### Exercise instructions
Only the text carries over: repeat the records exactly and drop the images.

### Input for this task
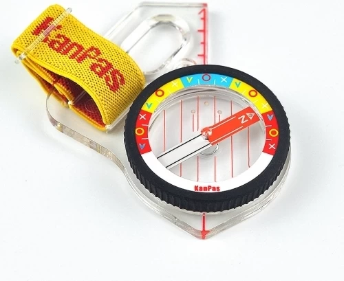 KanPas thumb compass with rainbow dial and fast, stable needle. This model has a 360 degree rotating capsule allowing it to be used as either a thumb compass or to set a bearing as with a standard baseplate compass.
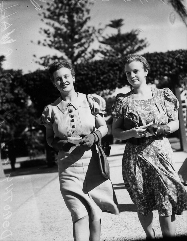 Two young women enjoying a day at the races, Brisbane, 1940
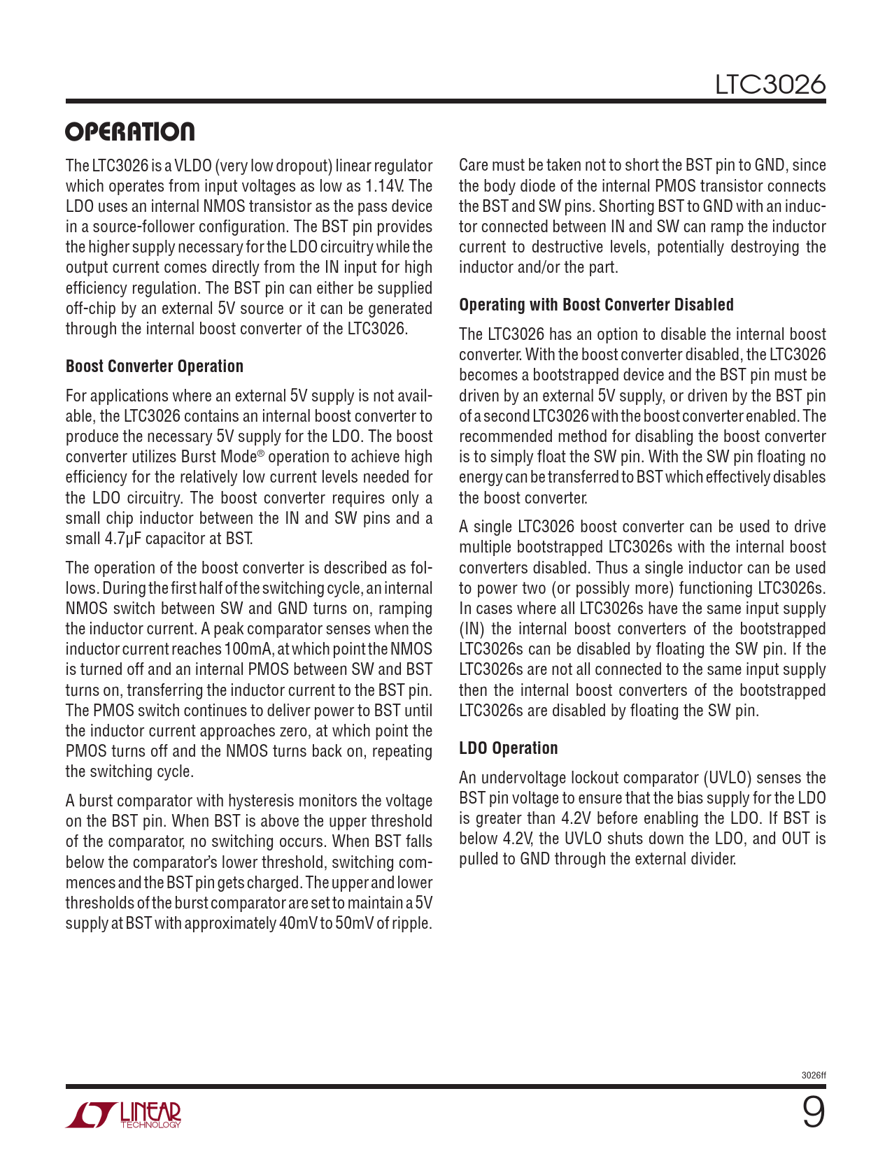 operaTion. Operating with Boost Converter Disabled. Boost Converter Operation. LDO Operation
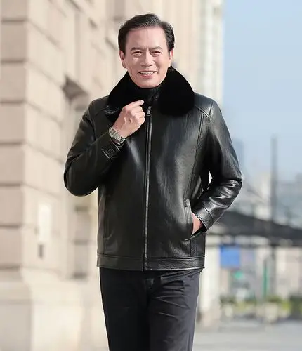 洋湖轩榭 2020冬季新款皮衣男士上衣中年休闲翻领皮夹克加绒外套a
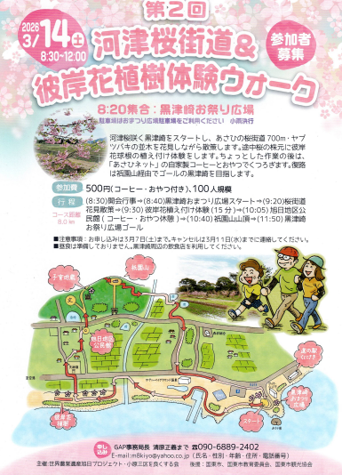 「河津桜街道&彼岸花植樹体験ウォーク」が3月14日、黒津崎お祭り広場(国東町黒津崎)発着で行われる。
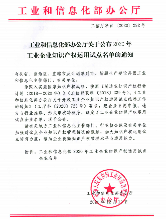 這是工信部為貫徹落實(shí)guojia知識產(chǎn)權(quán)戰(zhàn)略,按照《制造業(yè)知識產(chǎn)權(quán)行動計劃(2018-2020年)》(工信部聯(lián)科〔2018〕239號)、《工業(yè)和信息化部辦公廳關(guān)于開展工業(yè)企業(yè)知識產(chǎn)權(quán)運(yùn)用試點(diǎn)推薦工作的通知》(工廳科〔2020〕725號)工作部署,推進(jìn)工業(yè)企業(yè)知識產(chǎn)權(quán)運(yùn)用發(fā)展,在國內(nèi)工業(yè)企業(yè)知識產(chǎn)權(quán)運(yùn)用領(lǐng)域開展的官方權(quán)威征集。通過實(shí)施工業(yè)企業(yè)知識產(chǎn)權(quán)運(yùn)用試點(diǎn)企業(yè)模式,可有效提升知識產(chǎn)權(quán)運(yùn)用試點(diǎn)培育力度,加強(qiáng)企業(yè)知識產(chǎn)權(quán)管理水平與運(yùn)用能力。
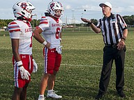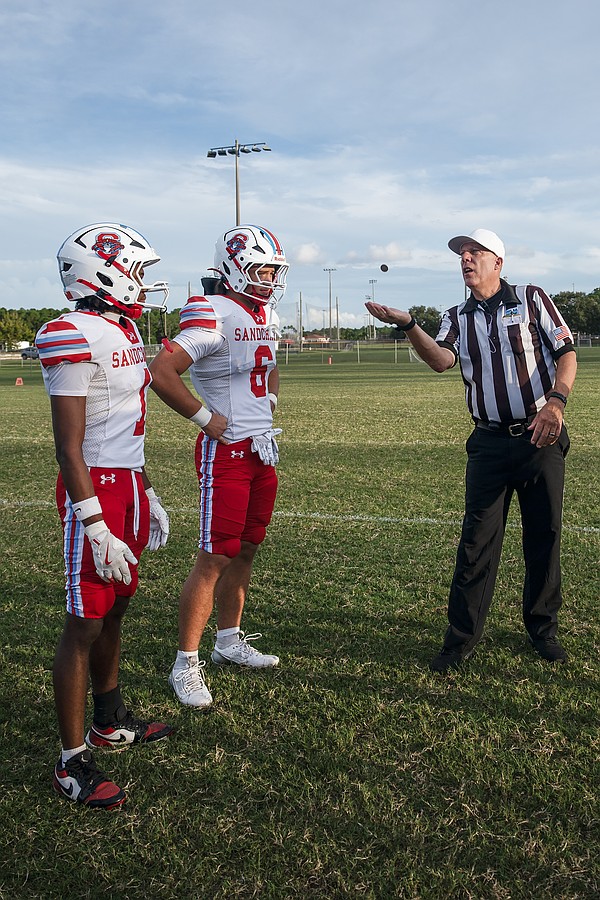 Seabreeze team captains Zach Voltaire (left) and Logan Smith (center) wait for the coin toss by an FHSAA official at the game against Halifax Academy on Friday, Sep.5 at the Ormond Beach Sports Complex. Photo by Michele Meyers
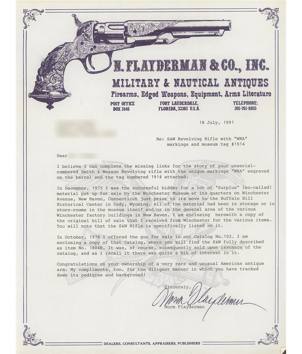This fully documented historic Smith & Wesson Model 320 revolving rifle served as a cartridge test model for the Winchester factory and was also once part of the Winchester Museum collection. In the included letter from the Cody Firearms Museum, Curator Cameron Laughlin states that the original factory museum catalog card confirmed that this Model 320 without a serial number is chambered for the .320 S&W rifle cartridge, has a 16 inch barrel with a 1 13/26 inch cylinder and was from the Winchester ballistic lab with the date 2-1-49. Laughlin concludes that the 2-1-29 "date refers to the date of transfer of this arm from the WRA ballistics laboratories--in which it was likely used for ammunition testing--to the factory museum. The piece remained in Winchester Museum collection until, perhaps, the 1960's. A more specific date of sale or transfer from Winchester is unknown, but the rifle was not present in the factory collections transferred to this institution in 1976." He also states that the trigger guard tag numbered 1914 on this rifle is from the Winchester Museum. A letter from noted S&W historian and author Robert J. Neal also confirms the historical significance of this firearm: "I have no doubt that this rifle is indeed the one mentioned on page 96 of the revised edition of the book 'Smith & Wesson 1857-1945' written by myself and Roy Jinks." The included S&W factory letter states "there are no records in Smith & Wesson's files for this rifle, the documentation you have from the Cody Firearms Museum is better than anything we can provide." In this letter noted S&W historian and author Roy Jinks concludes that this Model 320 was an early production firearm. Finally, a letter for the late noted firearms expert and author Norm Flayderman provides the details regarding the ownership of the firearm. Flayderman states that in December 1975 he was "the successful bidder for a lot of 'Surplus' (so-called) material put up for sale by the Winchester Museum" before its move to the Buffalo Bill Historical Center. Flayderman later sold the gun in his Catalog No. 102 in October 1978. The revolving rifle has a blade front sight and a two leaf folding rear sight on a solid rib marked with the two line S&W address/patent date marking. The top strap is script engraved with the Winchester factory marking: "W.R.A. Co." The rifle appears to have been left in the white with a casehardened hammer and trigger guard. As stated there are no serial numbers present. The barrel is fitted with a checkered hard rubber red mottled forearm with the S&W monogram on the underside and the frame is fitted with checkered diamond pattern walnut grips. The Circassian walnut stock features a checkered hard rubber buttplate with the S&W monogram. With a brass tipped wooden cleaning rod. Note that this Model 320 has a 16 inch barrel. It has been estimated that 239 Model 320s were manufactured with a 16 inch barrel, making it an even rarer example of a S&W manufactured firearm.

### Output for this task
 KanPas thumb compass with rainbow dial and fast, stable needle. This model has a 360 degree rotating capsule allowing it to be used as either a thumb compass or to set a bearing as with a standard baseplate compass.
 Two young women enjoying a day at the races, Brisbane, 1940
 operaTion. Operating with Boost Converter Disabled. Boost Converter Operation. LDO Operation
 洋湖轩榭 2020冬季新款皮衣男士上衣中年休闲翻领皮夹克加绒外套a
 「河津桜街道&彼岸花植樹体験ウォーク」が3月14日、黒津崎お祭り広場(国東町黒津崎)発着で行われる。
 這是工信部為貫徹落實(shí)guojia知識產(chǎn)權(quán)戰(zhàn)略,按照《制造業(yè)知識產(chǎn)權(quán)行動計劃(2018-2020年)》(工信部聯(lián)科〔2018〕239號)、《工業(yè)和信息化部辦公廳關(guān)于開展工業(yè)企業(yè)知識產(chǎn)權(quán)運(yùn)用試點(diǎn)推薦工作的通知》(工廳科〔2020〕725號)工作部署,推進(jìn)工業(yè)企業(yè)知識產(chǎn)權(quán)運(yùn)用發(fā)展,在國內(nèi)工業(yè)企業(yè)知識產(chǎn)權(quán)運(yùn)用領(lǐng)域開展的官方權(quán)威征集。通過實(shí)施工業(yè)企業(yè)知識產(chǎn)權(quán)運(yùn)用試點(diǎn)企業(yè)模式,可有效提升知識產(chǎn)權(quán)運(yùn)用試點(diǎn)培育力度,加強(qiáng)企業(yè)知識產(chǎn)權(quán)管理水平與運(yùn)用能力。
 Seabreeze team captains Zach Voltaire (left) and Logan Smith (center) wait for the coin toss by an FHSAA official at the game against Halifax Academy on Friday, Sep.5 at the Ormond Beach Sports Complex. Photo by Michele Meyers
This fully documented historic Smith & Wesson Model 320 revolving rifle served as a cartridge test model for the Winchester factory and was also once part of the Winchester Museum collection. In the included letter from the Cody Firearms Museum, Curator Cameron Laughlin states that the original factory museum catalog card confirmed that this Model 320 without a serial number is chambered for the .320 S&W rifle cartridge, has a 16 inch barrel with a 1 13/26 inch cylinder and was from the Winchester ballistic lab with the date 2-1-49. Laughlin concludes that the 2-1-29 "date refers to the date of transfer of this arm from the WRA ballistics laboratories--in which it was likely used for ammunition testing--to the factory museum. The piece remained in Winchester Museum collection until, perhaps, the 1960's. A more specific date of sale or transfer from Winchester is unknown, but the rifle was not present in the factory collections transferred to this institution in 1976." He also states that the trigger guard tag numbered 1914 on this rifle is from the Winchester Museum. A letter from noted S&W historian and author Robert J. Neal also confirms the historical significance of this firearm: "I have no doubt that this rifle is indeed the one mentioned on page 96 of the revised edition of the book 'Smith & Wesson 1857-1945' written by myself and Roy Jinks." The included S&W factory letter states "there are no records in Smith & Wesson's files for this rifle, the documentation you have from the Cody Firearms Museum is better than anything we can provide." In this letter noted S&W historian and author Roy Jinks concludes that this Model 320 was an early production firearm. Finally, a letter for the late noted firearms expert and author Norm Flayderman provides the details regarding the ownership of the firearm. Flayderman states that in December 1975 he was "the successful bidder for a lot of 'Surplus' (so-called) material put up for sale by the Winchester Museum" before its move to the Buffalo Bill Historical Center. Flayderman later sold the gun in his Catalog No. 102 in October 1978. The revolving rifle has a blade front sight and a two leaf folding rear sight on a solid rib marked with the two line S&W address/patent date marking. The top strap is script engraved with the Winchester factory marking: "W.R.A. Co." The rifle appears to have been left in the white with a casehardened hammer and trigger guard. As stated there are no serial numbers present. The barrel is fitted with a checkered hard rubber red mottled forearm with the S&W monogram on the underside and the frame is fitted with checkered diamond pattern walnut grips. The Circassian walnut stock features a checkered hard rubber buttplate with the S&W monogram. With a brass tipped wooden cleaning rod. Note that this Model 320 has a 16 inch barrel. It has been estimated that 239 Model 320s were manufactured with a 16 inch barrel, making it an even rarer example of a S&W manufactured firearm.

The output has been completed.